- Official poster
- Directed by: Vladimir Besedin
- Written by: Artyom Gabrelyanov; Vladimir Besedin;
- Based on: Major Grom by Artyom Gabrelyanov Jevgénij Fyedotov
- Produced by: Vladimir Besedin; Fyodor Kan; Artyom Gabrelyanov;
- Starring: Aleksander Gorbatov; Ivan Fominov; Anton Kuznetsov; Ilya Zhinilo; Danila Yakushev;
- Cinematography: Arseny Kan
- Edited by: Aleksandr Bulygin
- Music by: Roman Seliverstov
- Production company: Bubble Studios
- Distributed by: Channel One Russia
- Release dates: 11 February 2017 (Berlin Film Festival); 19 February 2017 (YouTube);
- Running time: 29 minutes
- Country: Russia
- Language: Russian

= Major Grom (2017 film) =

Russian short film

Major Grom (Майор Гром) is a 2017 Russian short action film directed by Vladimir Besedin, based on the comic character Major Grom.

Plans to make a film were announced at Comic-Con Russia in October 2015, when Bubble Comics announced the creation of its own film division, Bubble Studios. The script was completed on 23 February 2016. The filming process began in mid-August in Saint Petersburg and continued until 28 August 2016.
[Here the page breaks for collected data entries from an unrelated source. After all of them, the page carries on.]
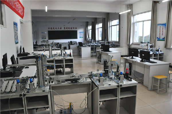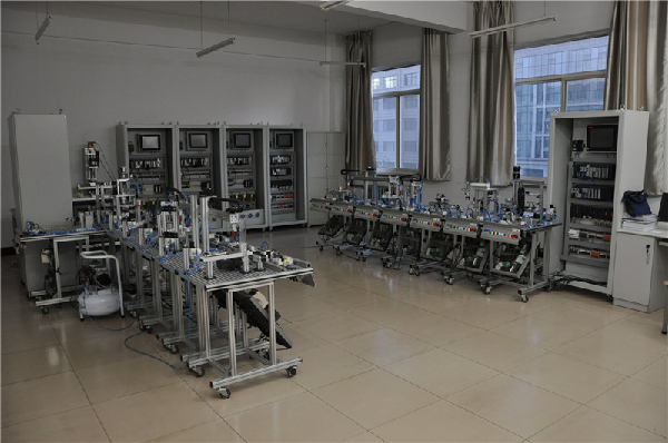 自动化学院校内实训基地共21个功能实训室,包括学院2009年建设而成的“德国FESTO机电一体化技术培训中心”7个实训室,分别为气动、电气液压、开关量传感器、模拟量传感器、模块化生产加工系统MPS、柔性物流制造系统FMS、过程控制PCS实训室;以及2013年建成的GE智能平台自动化系统集成实训室2个、供配电实训室1个;其他基础实训室包括2个可编程控制技术基础实训室,4个维修电工实训室,1个基础电工实训室,3个电工电子电拖实训室,和1个LED实训室。
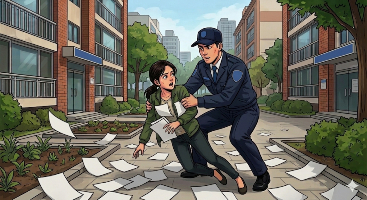 아파트 단지에 전단지를 붙이는 여성을 폭행한 30대 경비원이 정당방위를 인정받아 무죄를 선고받았다.
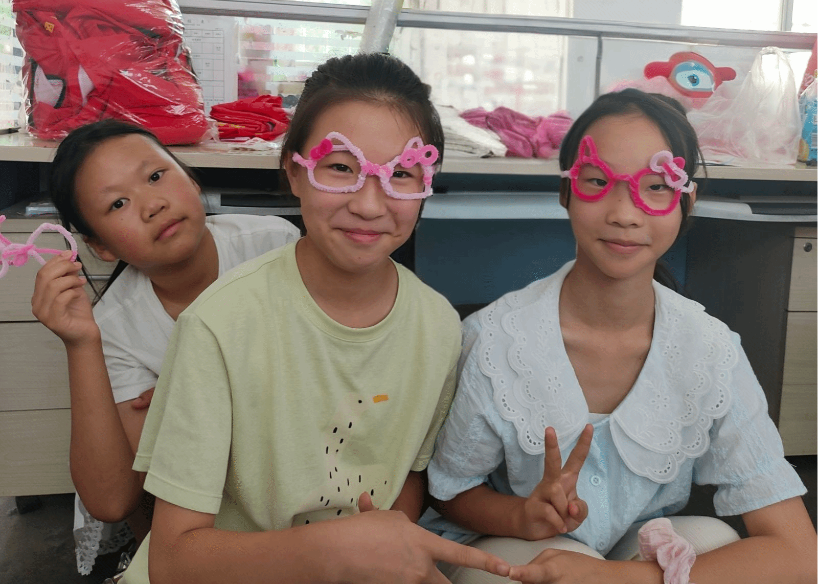 课程开始时,志愿者李张缘现场演示扭扭棒弯折、缠绕的技巧,将原本普通的扭扭棒化为镜架、镜腿和装饰花纹。孩子们紧跟步骤,逐步完成造型。在志愿者李张缘的鼓励下,孩子们融入独特创意——有的为眼镜添加“翅膀”造型,有的用彩色珠子点缀镜框。孩子们戴上亲手制作的眼镜,化身“小小设计师”,互相展示作品并拍照留念。
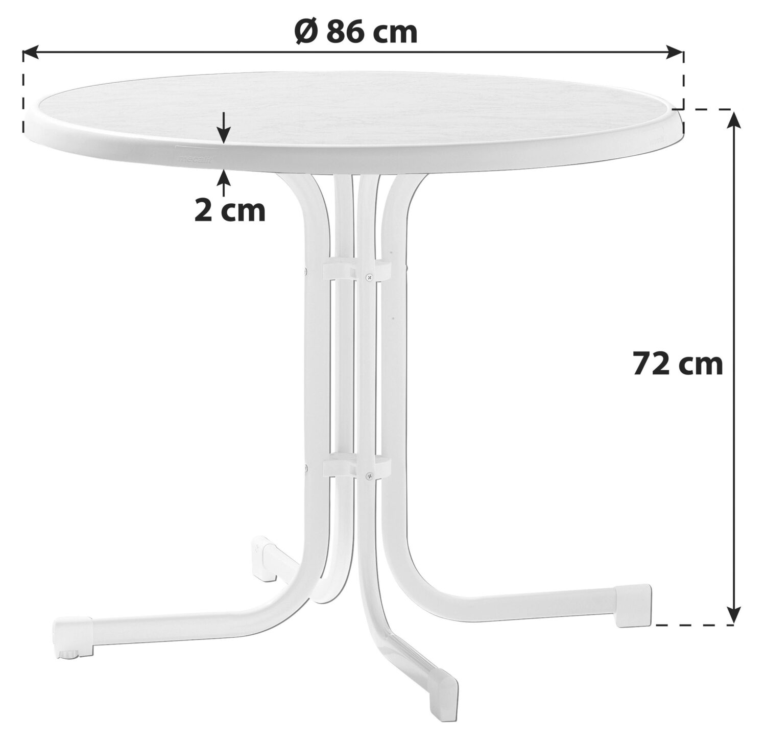 Unser kleiner runder Gartentisch in strahlendem Weiss ist die perfekte Lösung für kleine Außenbereiche. Mit Abmessungen von ca. 86 x 86 x 72 cm (L x B x H) passt er selbst auf den kleinsten Balkon oder in die engsten Nischen im Garten.
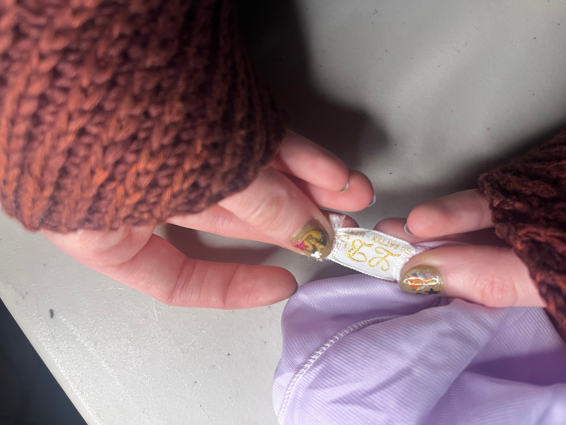 literally such a banger so fucking awesome. short lil lavender/purple mini skirt with white lace trim. waist fits 18-36 inches and the length is 14 inches before lace and 16 inches with lace.
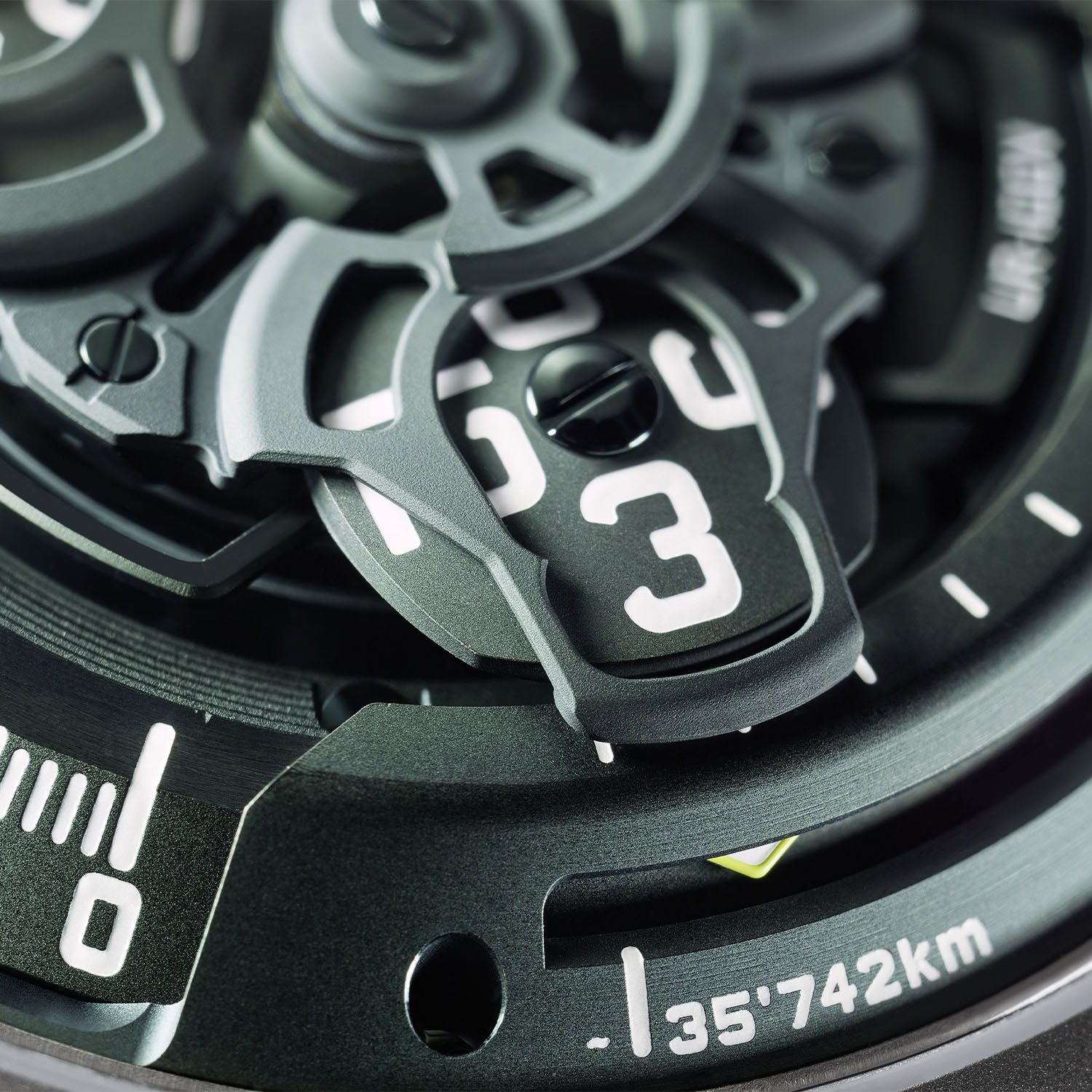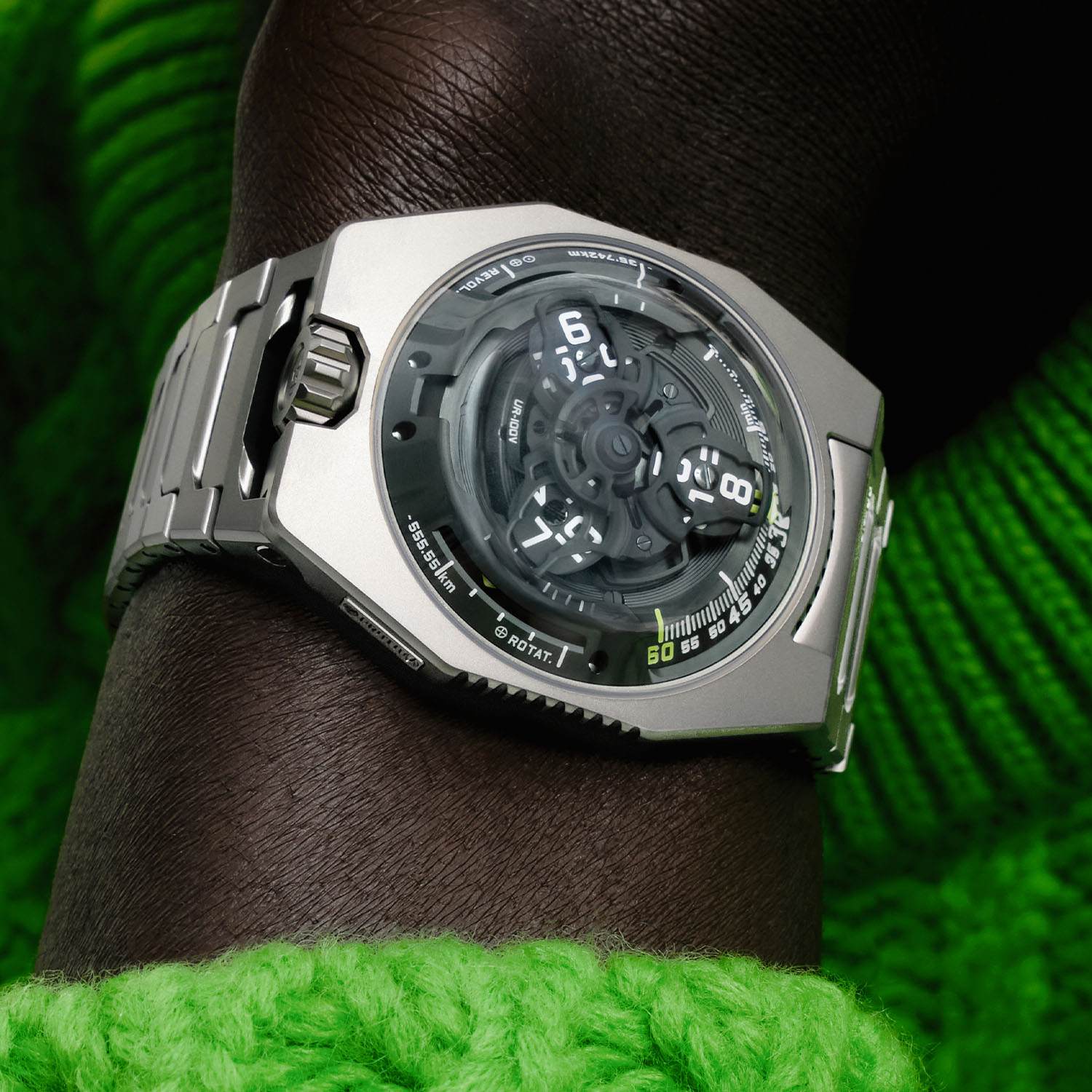 The sapphire crystal protects Urwerk’s signature satellite display, where the current hour is carried on a module that moves along a curved 120-degree track marked from 0 to 60. When the minute module reaches the green-marked “60,” it snaps back to align with the next hour satellite, ready to repeat its seamless motion for the next cycle.
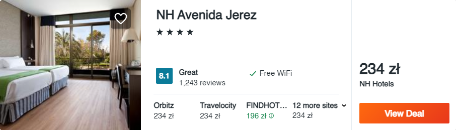 W Jerez de La Frontera na swój pobyt wybierzcie luksusowy 4* hotel NH Avenida Jerez. Do dyspozycji gości oddano m.in. świetną restaurację i piękny ogród.
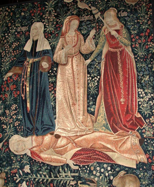 С распространением ткачества у многих народов (хеттов, греков, римлян) мойры получают облик прядильщиц. Так впервые в греческой литературе их называет Гомер. Они мыслились в виде суровых старух, прядущих нити судьбы: Клото с веретеном в руке, Лахесис с меркой или весами, Атропос с книгой жизни и ножницами. Разрыв нити - смерть. Философ Платон, преобразуя народные верования, рисует мойр силами высшего небесного правопорядка, женщинами в белых одеяниях, с венками на головах, вершащими под музыку небесных сфер настоящее, прошлое и будущее. Он называет их дочерями богини Ананке, вращающей мировое веретено.
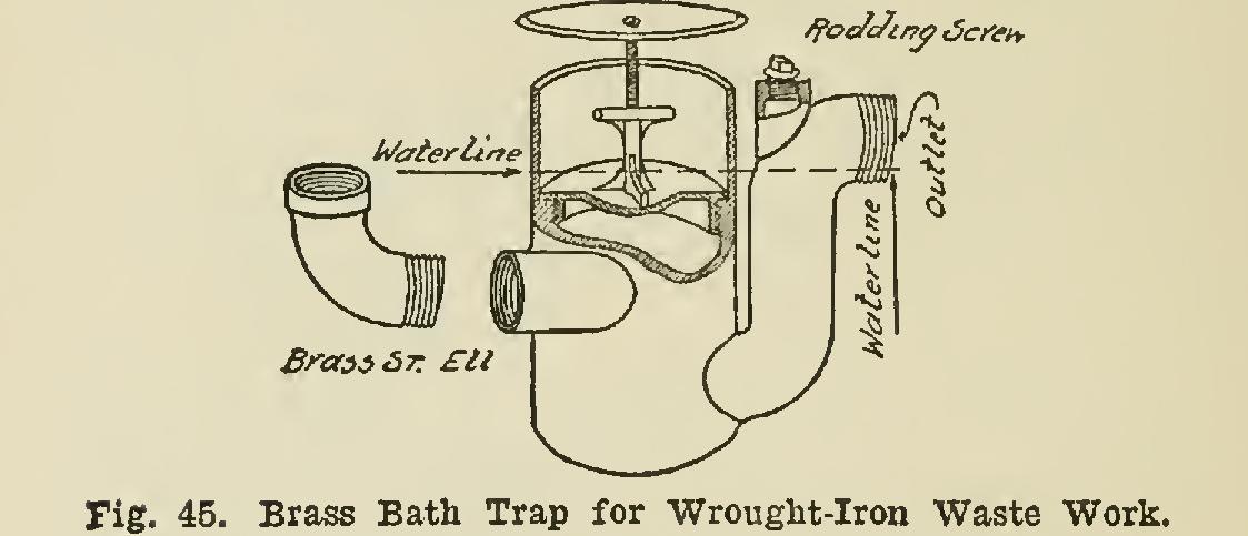 Fig. 45 shows a brass bath trap that is used where the waste work is all wrought iron—or, as it is sometimes called, the "Durham" system.
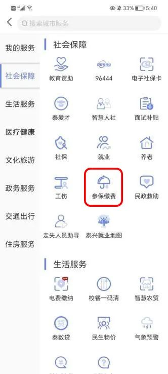 2.选择“社会保障”服务类别下“参保缴费”菜单。
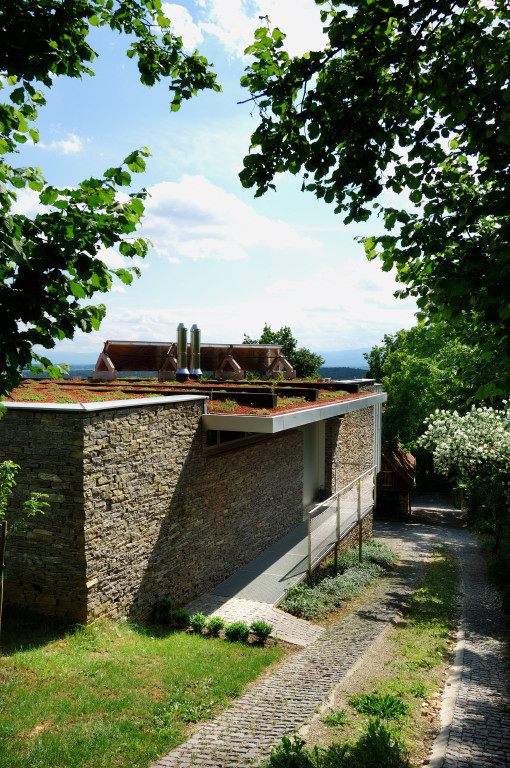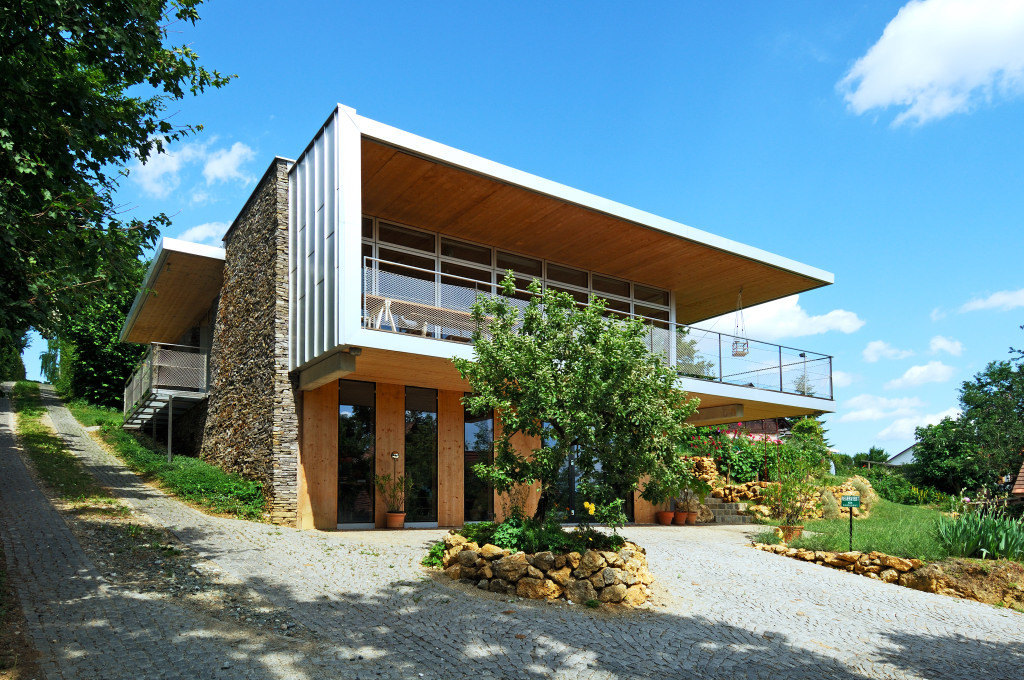 Die Entwurfsparameter waren, auf dem begrenzten Bauplatz ein zur Zufahrtsstraße möglichst geschlossenes und zur Landschaft und zur Sonne hin offenes Wohnhaus zu schaffen. Weiters sollte es zu keinen Beeinträchtigungen des oberen Nachbarn kommen und dessen Fernblick noch unterstützen.Wenige Materilalien sollten das äußere Bild des Gebäudes bestimmen: Im erdberührten Kellerbereich Stahlbeton, ab der Mauerkrone Kellerwände sollte Holz und für die Fassaden Glas und Natursteinmauerwerk eingesetzt werden.
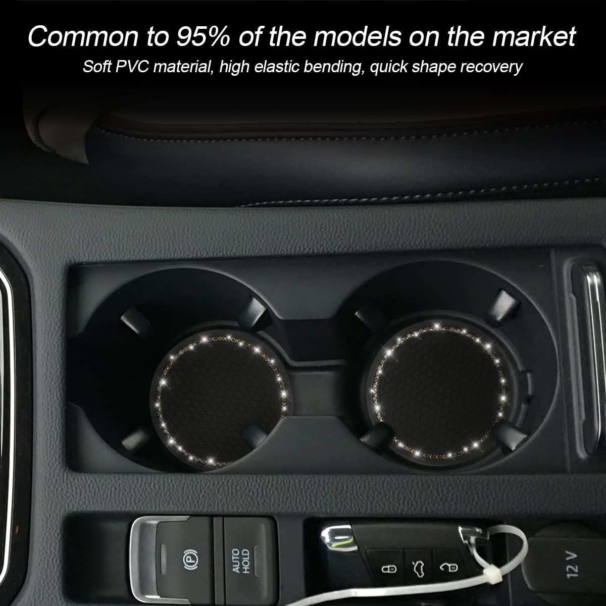 Car Cup Holder Coaster, 2 Pcs Universal Bling Crystal Rhinestone Car Accessories 2.75 Inch Auto Anti Slip Cup Holder Insert Mat Pad Set,Suitable For Most Car Interior (Black/Gray)
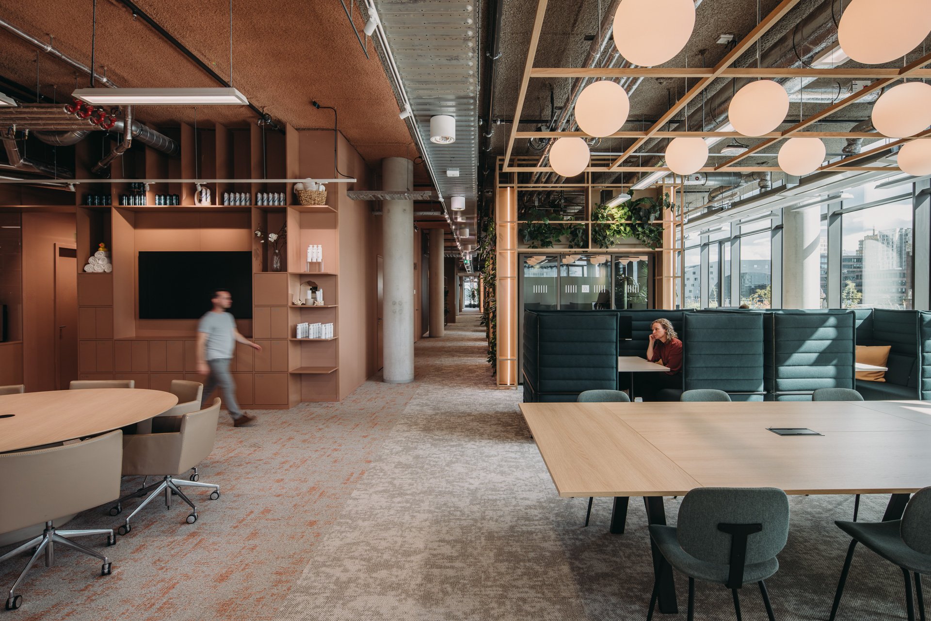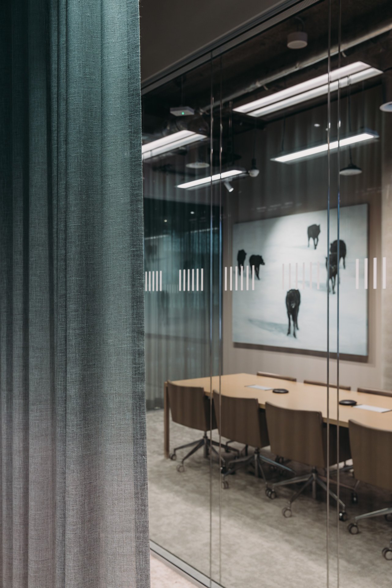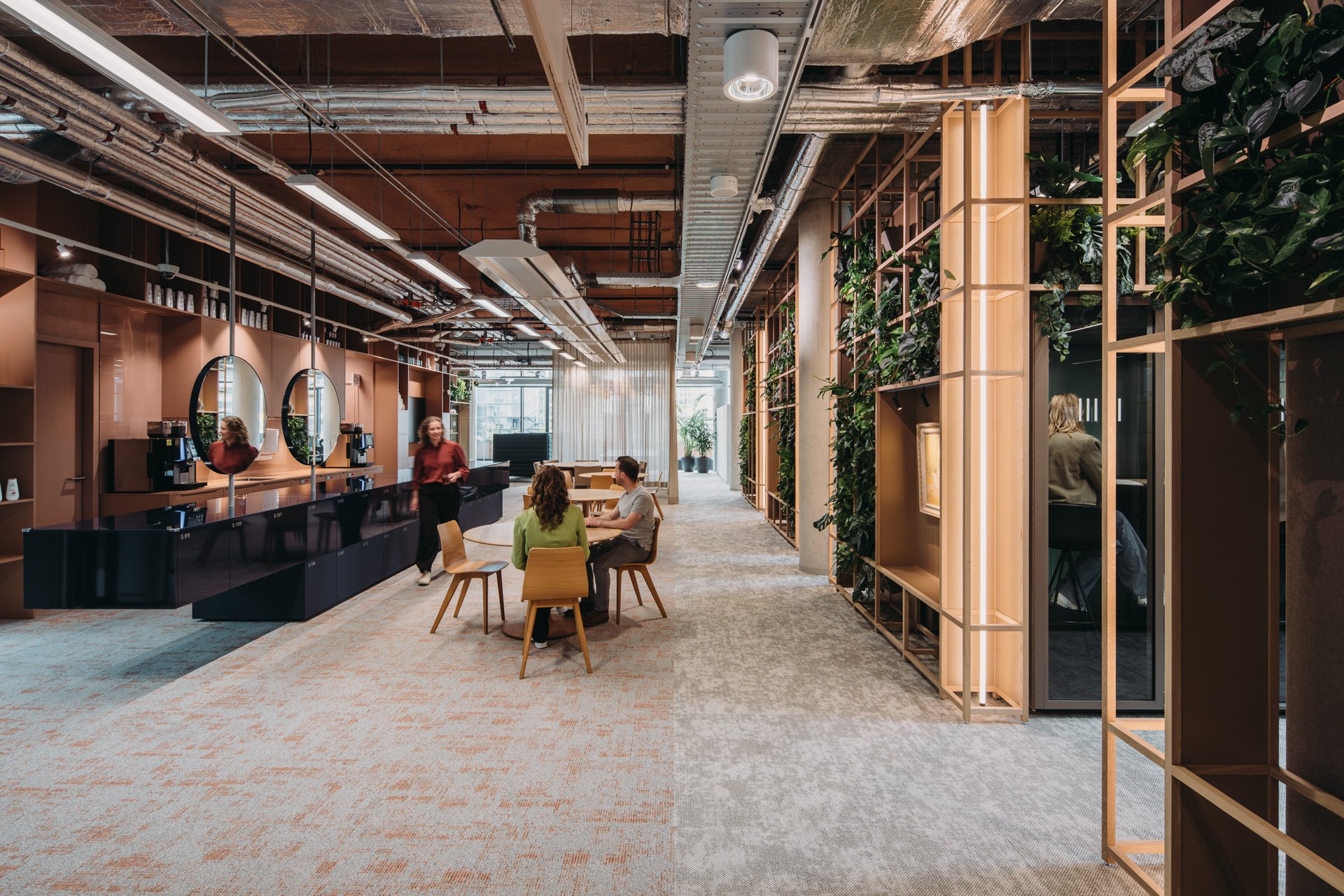 The outcome: a large-scale open floorplate where clarity and orientation coexist with lush green oases. Standard office clichés, like stand-alone phone booths, are reimagined, hidden in greenery and turned into sculptural elements. Art inspired by nature and animal figures brings a sense of wonder into the daily routine, subtly lifting the ordinary into something memorable. The play of curtains introduces a sense of mystery, with spaces appearing and disappearing with a simple gesture.
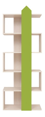 Regál REG_20_8L zo série detských izieb Strzalka renomovaného výrobcu BRW. Regál je k dispozícií vo farebnom prevedení dubového dreva s krásnym dizajnovým prvkom zelenej farby na prednej strane vo farbe šípky. Regál má zaujímavý moderný dizajn a je vyrobený z kvalitných materiálov.

The short film had its world premiere at the Berlin International Film Festival on 11 February 2017 as test footage for a full-length film production, to be released in 2018. It later became available for general public viewing on 21 February 2017 through Bubble Comics' YouTube channel and on the site Life.ru, the latter gaining more than 1.7 million views on the first day of the film's release there. On 9 March 2017, it was screened on the Russian television station Channel One. On 21 July 2017, the short film was screened during San Diego Comic-Con and included a Q&A session with its creators—Vladimir Besedin, Artyom Gabrelyanov, and Roman Kotkov.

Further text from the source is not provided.